The Good Father is the story of Travis Brown who decided, at the age of just nineteen, to raise his daughter, Bella, alone. Now Bella is nearly four years old and Travis has lost his home, job, and mother, who doted on Bella and cared for her so that Travis could work. Travis is completely devoted to Bella and believes that a job offer is the answer to all of their problems. But it turns out to be just the beginning of real trouble.

Q & A with Diane Chamberlain

How did you come up with the character, Travis Brown?

The character of Travis was inspired by a young father who would bring his little girl into the coffee shop where I write each morning. I saw the tenderness and love with which he treated his little girl and was touched by it. At the same time, with the economy in terrible shape, I wondered if he was out of work, since he always came in on weekdays as though he had no place else to be. How would a single dad support his precious little girl if he didn’t have a job? I could imagine his desperation leading him to make a terrible decision that he would never be able to undo.

If you had to do it all over again, would you change anything in the book?

I don’t think so. If someone told me I had to change something, I might draw the ending out a little longer. I tend to write very “tight”—my greatest fear is boring my reader, so I don’t add a lot of extraneous detail. But I know that, when a reader has fallen in love with my characters, they don’t want me to end their story too soon or too abruptly. That’s why I added an epilogue to The Good Father, showing how the characters fared after their story ends. So if I had to change something, I might draw that epilogue out a little longer to give my readers a little more time to say good bye.

How much, and what kinds of research went into creating this novel?

I do a great deal of research as I write a book. I’ve probably Googled at least one small item per every page of the novel. But some things require more intensive research. Although I was a stepmom to three teenaged girls, I’d had no children of my own so four-year-old little girls like Bella were not very familiar to me. I loved spending more time with my grandkids that age, observing them carefully as I created Bella. Bella’s mother, Robin, also required a good deal of research, since she’d had a heart transplant and I needed to learn what she would have gone through.
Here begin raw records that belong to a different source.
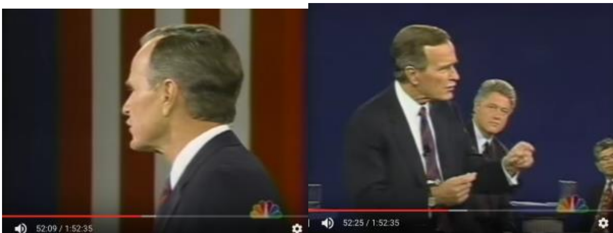
Fig. 5 og 6: Bush vender sig bort fra den ihærdigt spørgende kvinde og begynder på en lidt anden historie, som ikke virker helt relevant. I baggrunden ses Clinton, som holder en seriøs maske.

Et mindre vellykket tv-øjeblik for Bush kommer, da alle tre kandidater bliver spurgt af en kvindelig publikummer, hvordan den økonomiske krise har påvirket dem personligt, og hvis de ikke er blevet personligt påvirket, hvordan de så sige, de kan hjælpe "the common people"? Kvinden (hjulpes af ordstyreren) insisterer på den personlige vinkel, da Bush begynder at snakke lidt mere i generelle vendinger om det bekymrende ved krisen. De følgende kameraskud af Bush synes at vise, at han efterhånden bliver irriteret, ja nærmest ønsker at distancere sig fra den spørgende, og han lyder også lidt snurrende i stemmen.
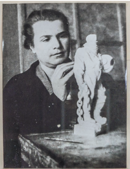
В. МУХИНА РАБОТАЮЩАЯ НАД МОДЕЛЬЮ СКУЛЬПТУРЫ «ЭПРОНЕВЕЦ» 1930-Е ГОДЫ

Вера Игнатьевна Мухина (1889–1953) – советский скульптор-монументалист, автор произведений, признанных эталоном социалистического реализма.
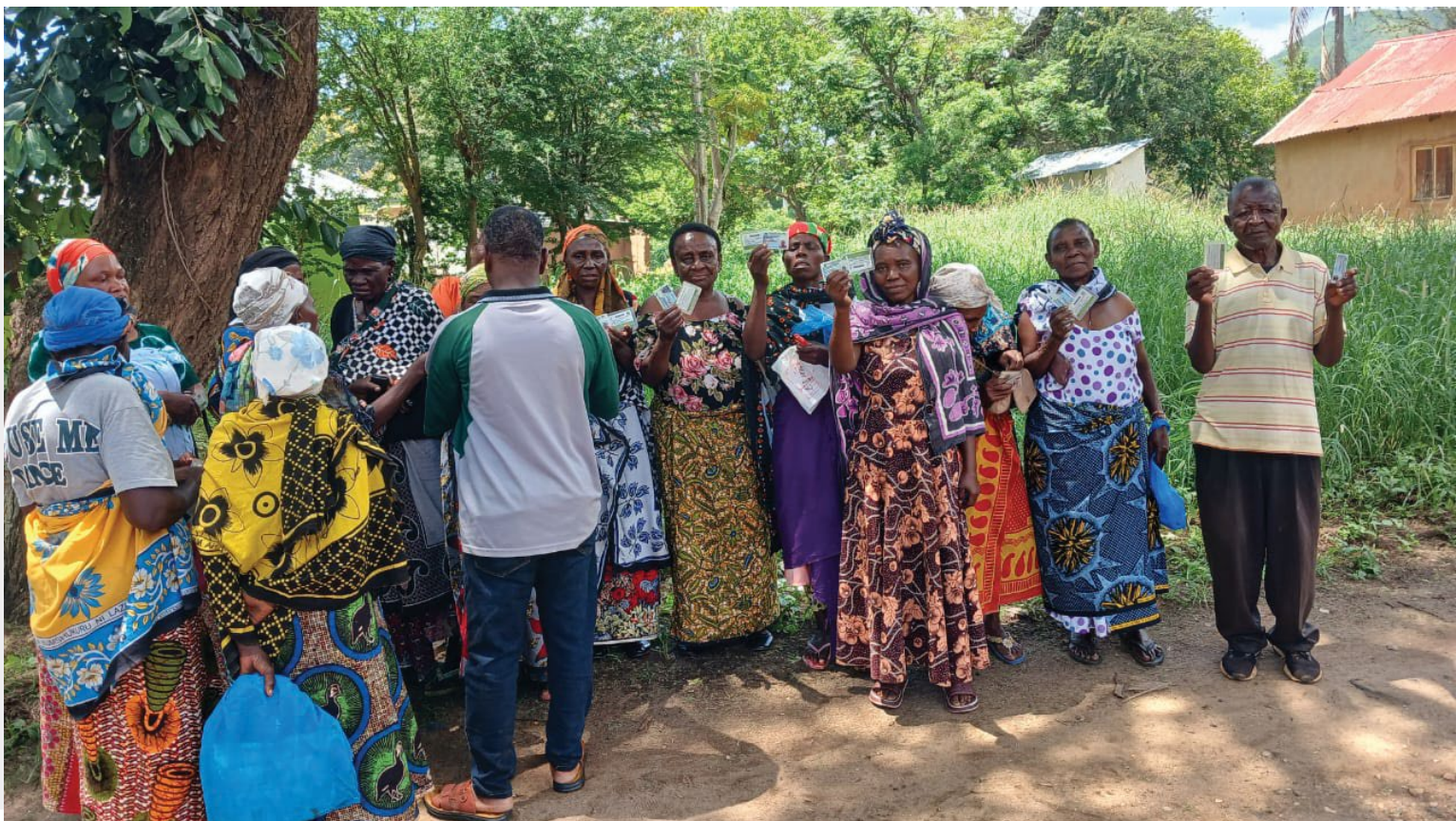
Wakazi wa Wilaya ya Mpwapwa wakiwa na kadi zao za Bima ya Afya baada ya usajili kupitia mpango wa Bima ya Afya kwa Wote kwa kaya zisizo na uwezo
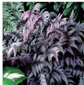
ニシキシダ 'バーガンディレース' 学名: Athyrium niponicum 'Burgundy Lace'
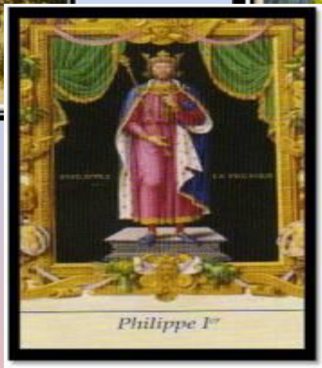
Philippe I er
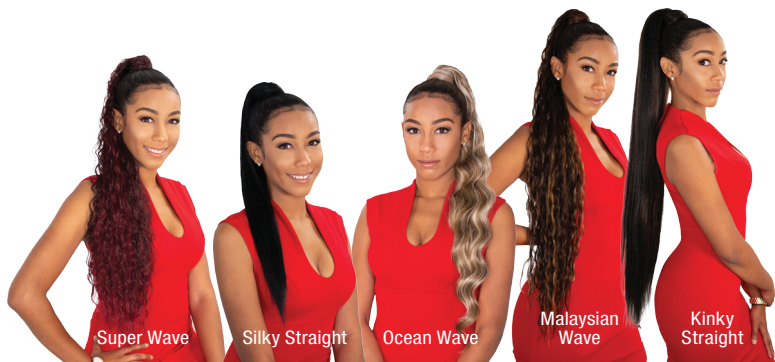
Super Wave Silky Straight Ocean Wave Malaysian Wave Kinky Straight

머리를 묶은 부위에 랩을 돌려 묶음으로써 간편하면서도 스타일리시하게 연출할 수 있다. 타사 제품에 비해 본체와 랩 부분의 모양이 많아 좀더 풍성해 보이는 것이 특징. 스타일은 Straight, Kinky Straight, Malaysian Wave, Super Wave, Ocean Wave, 길이는 18", 24", 34", 36" 로 다양하다. 특히 Kinky Straight는 흑인들이 좋아하는 야키 텍스처로 인기가 높다.
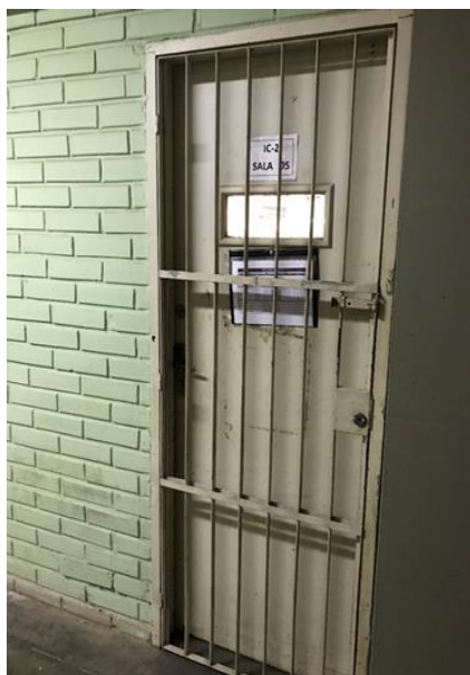
Imagem 2: Porta de sala de aula 10

Vemos na Imagem 2 um exemplo dessa arquitetura prisional de nossas escolas:
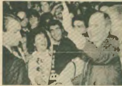
Ο τον και ο επίσημος αθηνάγης. Το καθεστώς της νέας τάξης πραγμάτων που και οι ίδιοι αποδέχονται, στηρίζουν και υλοποιούν δεν αφήνει περιθώρια αξιοπιστίας για τους λαούς του κόσμου

διασφάλιση που εκδηλώθηκε με ηπιες και άγριες μορφές, όπως στο Λος Άντζελες. Έτσι πρόβλεπε σε δεύτερη μοίρα οι βραχυβόλοι της Μπους για τη «νέα τάξη» και την κατάρρευση του «αντιπαλιού δόξου». Τα θέματα της εξωτερικής πολιτικής πέσαν στο περιθώριο, αφού πλέον δεν υπήρχε αντίπαλος.
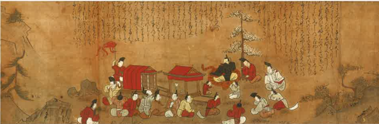
愛媛県 太山寺《阿弥陀の本地》(部分)室町時代
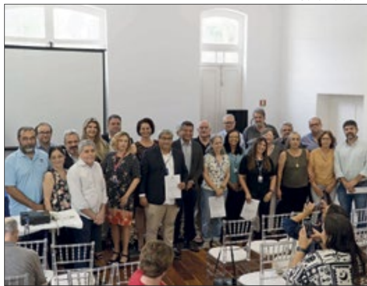
Projeto pretende fortalecer as principais cadeias do setor

O programa é fruto de uma parceria entre as secretarias de Agricultura e Ciência, Tecnologia e Inovação, que através da Fundação de Amparo à
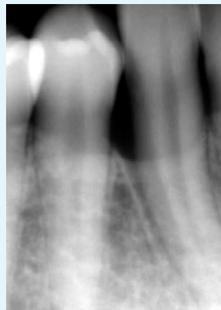
Fig. 7 Caso 1: ascesso parodontale, radiografia di controllo a 1 anno

zione completa dei sintomi (dolore, gonfiore, fistola, rossore), dopo una settimana si riscontravano una riduzione della profondità di sondaggio pari al 50% in media, l'assenza di essudato purulento, la riduzione o scomparsa del sanguinamento al sondaggio e la bonificazione dei tessuti molli. Ciò permetteva di eseguire la terapia non chirurgica adeguata in una situazione clinica ottimale e, in particolare nei casi di perimplantite, la seconda applicazione di doxiciclina al
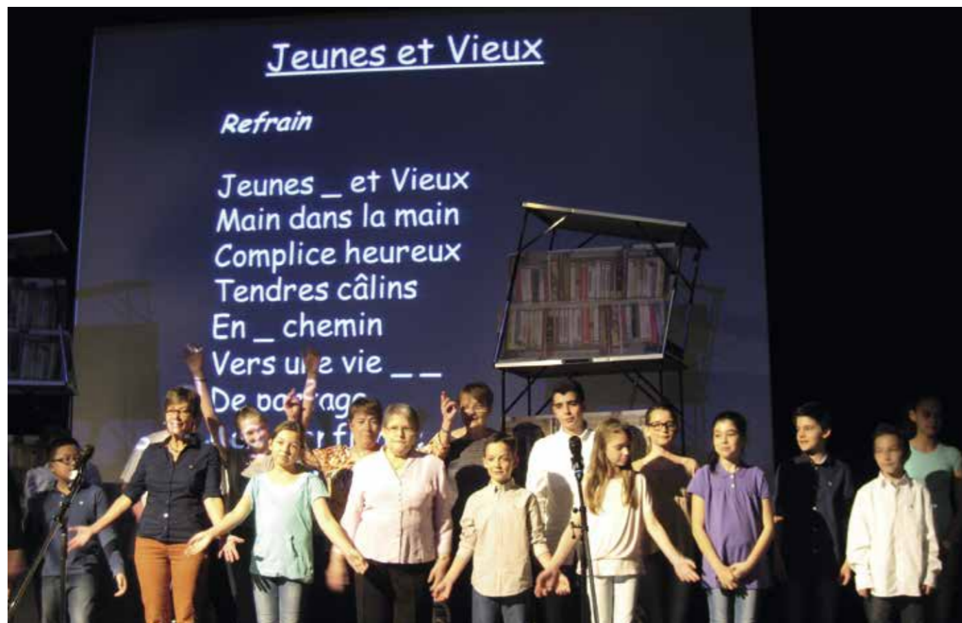
Remise du Prix Chronos 2015 au Salon du livre et de la presse de Genève 2015.

Le Prix Chronos de littérature a été créé en France en 1996 par la Fondation nationale de gérontologie. Dès 1997, Pro Senectute (fondation suisse présente dans tous les cantons) a repris le concept en Suisse. Il propose à des jeunes de 10 à 12 ans ainsi qu'à des seniors de lire cinq ouvrages ayant pour thèmes les relations entre les générations, la transmission du savoir, le parcours de vie, la vieillesse, etc. Après les cinq lectures, chacun vote pour son livre préféré et l'auteur gagnant est récompensé au printemps lors du Salon du livre et de la presse de Genève.
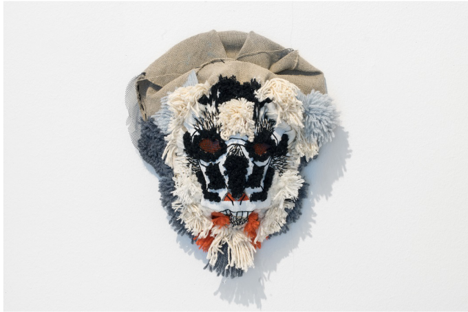
(32) MICHAL NOSEK
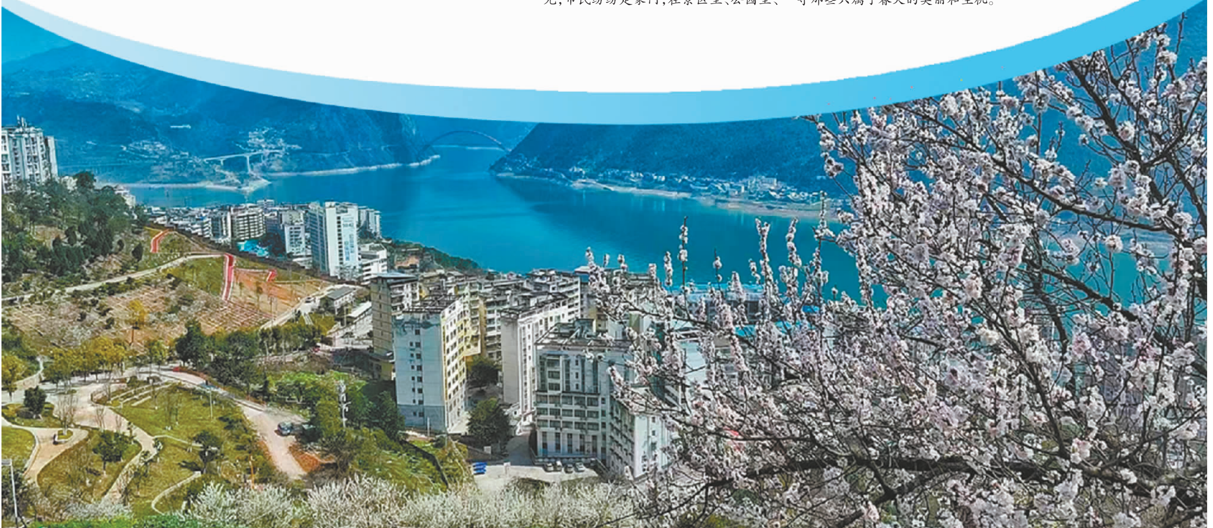
春花绕城。

街道上晒着太阳、赏着美景、闻着花香,感受浓浓春意,共同追寻春天的气息,探寻那些只属于春天的美丽和生机。
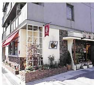
クリーム色の壁に花が映える

も手頃で、買いやすいと地元でも評判。人気のハニーロール（400円）は岐阜県のレンゲの花の蜜を使用していてシンプルなおいしさ。夏にかけてオリジナルゼリーも発売予定。
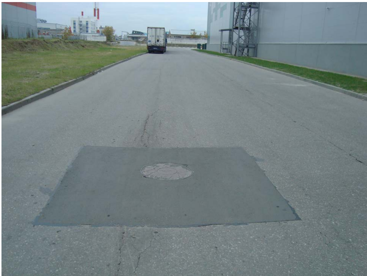
Участок :203. Колодец с запорной арматурой пожарного водопровода
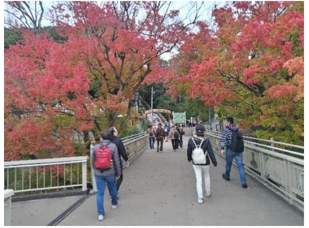
先ず初めに「コモドオオカゲ」を見るために急ぎ歩く。
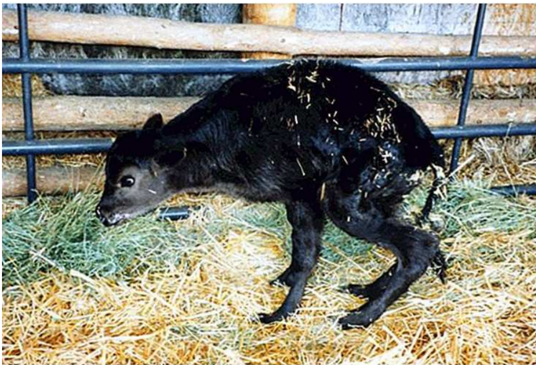
Slika 4 . Rahitis kod teladi

Veće količine minerala troše se i kod povećane proizvodnje mlijeka, jaja, vune, u tovu. Posebice je potrebno osigurati dovoljne količine kalcija i fosfora koji moraju biti u određenom odnosu. Ali taj odnos je često poremećen pa dolazi do mnogih anomalija kao što su: rahitis i osteomalacija, proždiranje raznih predmeta, lizanje zidova, pijenje tekućeg stajnjaka, nošenje jaja s mekom ljuskom, kanibalizam i slično. Također, manjak kalija i natrija u organizmu dovodi do različitih anomalija, kao što su poremećaji u probavi, smanjenje produkcije mlijeka, gubljenje apetita, lizanje raznih predmeta, smetnje u funkciji mišića i tako dalje.
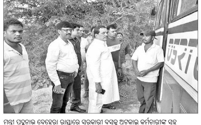
ମନ୍ତ୍ରୀ ପଦ୍ମନାଭ ବେହେରା ରାସ୍ତାରେ ସରକାରୀ ବସକୁ ଅଟକାଇ କର୍ମଚାରୀଙ୍କ ସହ ଆଲୋଚନା କରୁଛନ୍ତି।

ସରକାରୀ ବସକୁ ରାସ୍ତାରେ ଅଟକାଇଲେ ମନ୍ତ୍ରୀ। ମଙ୍ଗଳବାର ସନ୍ଧ୍ୟାରେ ବାଣିଜ୍ୟ ପରିବହନ ଏବଂ ଯୋଜନା ଓ ସଂଯୋଜନାମନ୍ତ୍ରୀ ପଦ୍ମନାଭ ବେହେରା ବାରମହାରାଜପୁର-ପୁରୁଷୋତ୍ତମ ରାସ୍ତାରେ ଯାଉଥିବା ସରକାରୀ ବସକୁ ଅଟକାଇଥିଲେ।
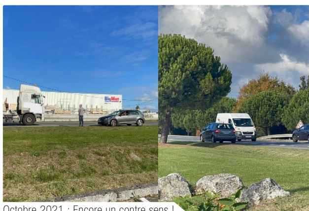
Octobre 2021 : Encore un contre sens !

Nous espérons que notre contribution dans ce magazine municipal de fin d'année, verra une solution pour 2022.
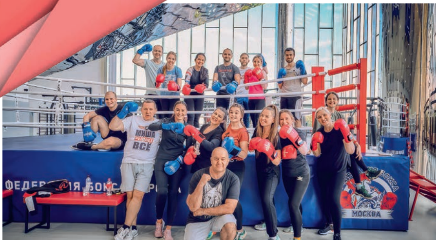
Для работников АО «ФГК» были организованы дни открытых дверей в спортивных центрах
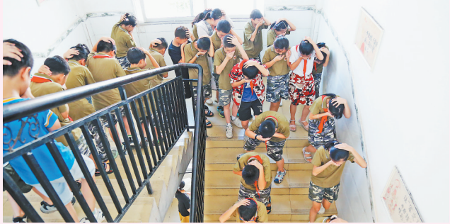
9月3日,石城县城市社区管委会温坊社区联合县消防救援大队温坊消防站,在县第五小学开展疏散演练、灭火器使用等活动,提升师生应对火灾的能力和安全意识。
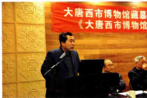
陕西省文物局副局长刘云辉讲话
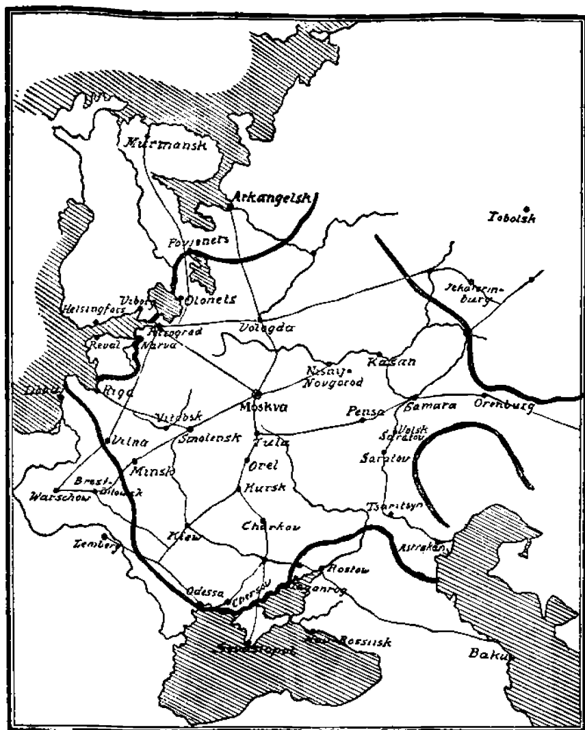
Neuvosto-Venäjän eurolaiset rintamat mualliskuulla v. 1919.

leet keskusvaltain valloitusjoukkojen sliplen suojassa, osottautuivat aivan kypsymättömäksi itsenäiseen taisteluun. Senpätähden kävikin puhdistus taantumuksellisista laajoilta alueilta lounaassa suhteellisen nopeasti, ja muutamaa kuukaudessa muodostui eteläisille rajamaille neljä veljestasavaltaa.
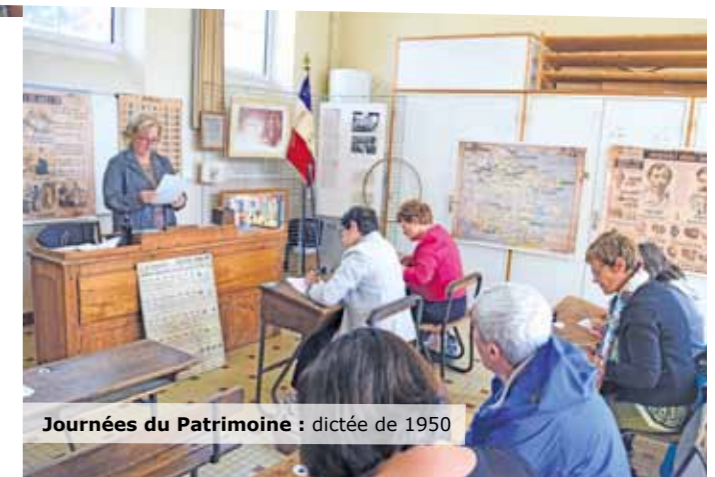
Journées du Patrimoine : dictée de 1950
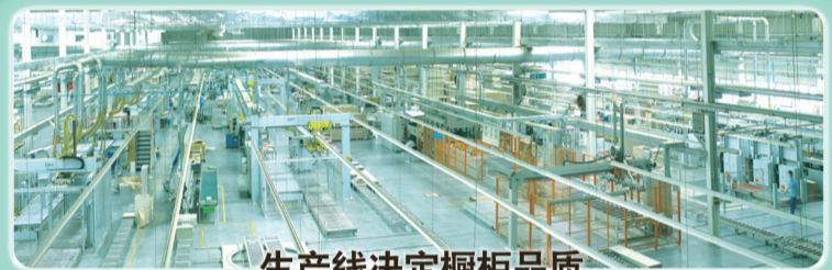
生产线决定橱柜品质
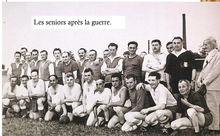
Les seniors après la guerre.
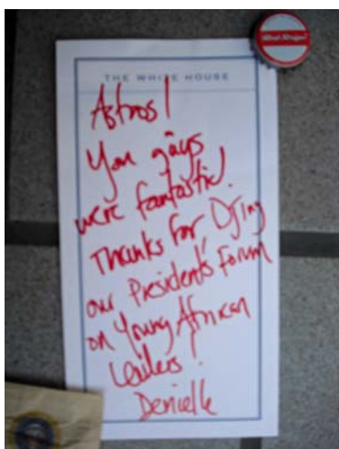
Foto: Danksagung inklusive aktuellem Zuckertütchen aus dem Weißen Haus (unten links) – „Astros! Ihr ward fantastisch. Danke fürs DJing auf dem 'Forum On Young African Leaders' des Präsidenten, Danielle“

groß wurde und einem Videodreh kam es am 4. August in der Homebase der Ancient Astronauts in Washington zu einer überraschend kurzfristigen Anfrage: Würdet ihr im Weißen Haus auflegen?
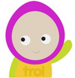
Apoyo social a familias
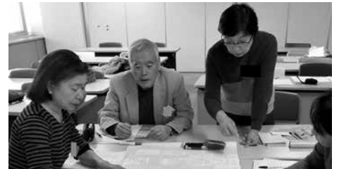
新基本講座 実践編
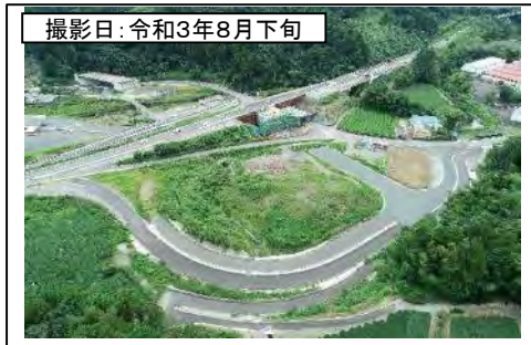
撮影日: 令和3年8月下旬

I loved spending a few days in Beaufort, North Carolina—the beautiful little waterfront town where Robin lives. And finally, I had to learn more than I ever wanted to about the relationship between cocaine and baby formula!

What are you currently reading?

I’m deep into nonfiction right now as I research my work-in-progress, a story that takes place on a North Carolina tobacco farm in 1960. As someone who grew up in New Jersey, I feel as though I’m learning about a foreign country in another era and it’s an eye-opening experience. As far as fiction goes, my favorite recent read was Stephen King’s 11/22/63. What an extraordinary page turner! I love King when he doesn’t do horror, but instead focuses on a human story with a twist, and this book really fits the bill.

Meet Diane

Author Diane Chamberlain

Prolific and popular author Diane Chamberlain grew up in Plainfield, New Jersey, and spent summers at the Jersey Shore. She says she was “an insatiable reader as a child, and that fact, combined with a vivid imagination, inspired me to write.” She began writing some “truly terrible ‘novellas'” when she was twelve, but her education took center stage and writing had to wait.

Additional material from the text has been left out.